* **Work task**:
Lines holding the word "main" in the following material must be counted; give only the resulting number.

* **Provided data**:
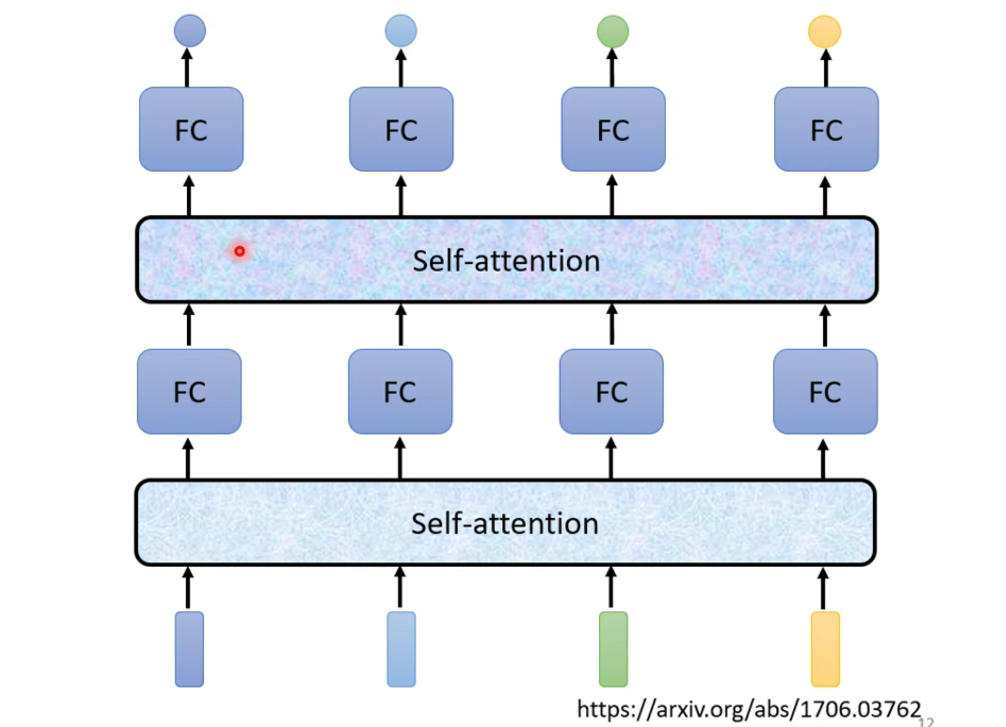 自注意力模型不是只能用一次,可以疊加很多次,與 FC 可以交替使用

--

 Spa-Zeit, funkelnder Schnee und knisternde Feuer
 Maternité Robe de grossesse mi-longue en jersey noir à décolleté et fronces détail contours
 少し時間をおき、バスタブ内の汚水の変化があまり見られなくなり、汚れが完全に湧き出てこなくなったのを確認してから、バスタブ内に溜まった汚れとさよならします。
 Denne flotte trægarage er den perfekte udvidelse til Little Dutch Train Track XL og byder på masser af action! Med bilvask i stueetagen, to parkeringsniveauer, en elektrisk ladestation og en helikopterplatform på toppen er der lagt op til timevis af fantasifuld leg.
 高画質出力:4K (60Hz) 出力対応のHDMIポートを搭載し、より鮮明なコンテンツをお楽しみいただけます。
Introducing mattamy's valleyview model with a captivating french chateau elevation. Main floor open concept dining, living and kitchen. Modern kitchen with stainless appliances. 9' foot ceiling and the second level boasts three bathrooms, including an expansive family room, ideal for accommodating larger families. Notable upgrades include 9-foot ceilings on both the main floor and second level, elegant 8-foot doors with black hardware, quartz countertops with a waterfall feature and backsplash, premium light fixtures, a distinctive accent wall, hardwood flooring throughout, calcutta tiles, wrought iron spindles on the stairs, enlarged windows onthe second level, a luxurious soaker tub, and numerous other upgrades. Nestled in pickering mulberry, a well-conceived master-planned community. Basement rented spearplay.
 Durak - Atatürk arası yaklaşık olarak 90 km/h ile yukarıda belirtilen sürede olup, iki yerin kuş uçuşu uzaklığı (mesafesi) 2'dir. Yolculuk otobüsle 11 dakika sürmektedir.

* * *

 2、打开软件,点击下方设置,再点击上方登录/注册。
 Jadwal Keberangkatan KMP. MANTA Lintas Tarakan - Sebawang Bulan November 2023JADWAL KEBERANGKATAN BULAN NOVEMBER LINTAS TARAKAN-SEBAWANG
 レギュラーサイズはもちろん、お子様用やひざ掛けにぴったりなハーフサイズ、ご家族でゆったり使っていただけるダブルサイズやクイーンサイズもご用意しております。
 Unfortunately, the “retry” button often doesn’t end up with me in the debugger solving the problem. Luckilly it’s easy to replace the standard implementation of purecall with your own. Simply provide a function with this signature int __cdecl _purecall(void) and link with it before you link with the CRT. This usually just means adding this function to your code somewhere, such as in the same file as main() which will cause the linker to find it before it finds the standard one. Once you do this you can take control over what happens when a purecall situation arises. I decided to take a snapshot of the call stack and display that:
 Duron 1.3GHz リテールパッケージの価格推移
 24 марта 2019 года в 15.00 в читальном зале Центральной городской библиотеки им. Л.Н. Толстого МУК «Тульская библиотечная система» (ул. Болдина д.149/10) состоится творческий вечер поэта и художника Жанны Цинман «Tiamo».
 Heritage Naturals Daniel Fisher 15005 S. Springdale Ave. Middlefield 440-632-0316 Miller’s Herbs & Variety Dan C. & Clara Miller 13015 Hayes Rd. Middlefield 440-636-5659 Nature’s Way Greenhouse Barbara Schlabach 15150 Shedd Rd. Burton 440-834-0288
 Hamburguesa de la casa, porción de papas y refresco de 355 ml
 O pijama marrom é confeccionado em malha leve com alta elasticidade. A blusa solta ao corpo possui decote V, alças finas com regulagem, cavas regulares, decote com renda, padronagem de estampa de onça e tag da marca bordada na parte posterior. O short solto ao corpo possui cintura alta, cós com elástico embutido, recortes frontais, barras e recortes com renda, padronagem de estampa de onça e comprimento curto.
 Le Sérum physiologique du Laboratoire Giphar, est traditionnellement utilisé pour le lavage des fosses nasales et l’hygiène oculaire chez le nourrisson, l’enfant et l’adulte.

* **Solution to the problem**:
2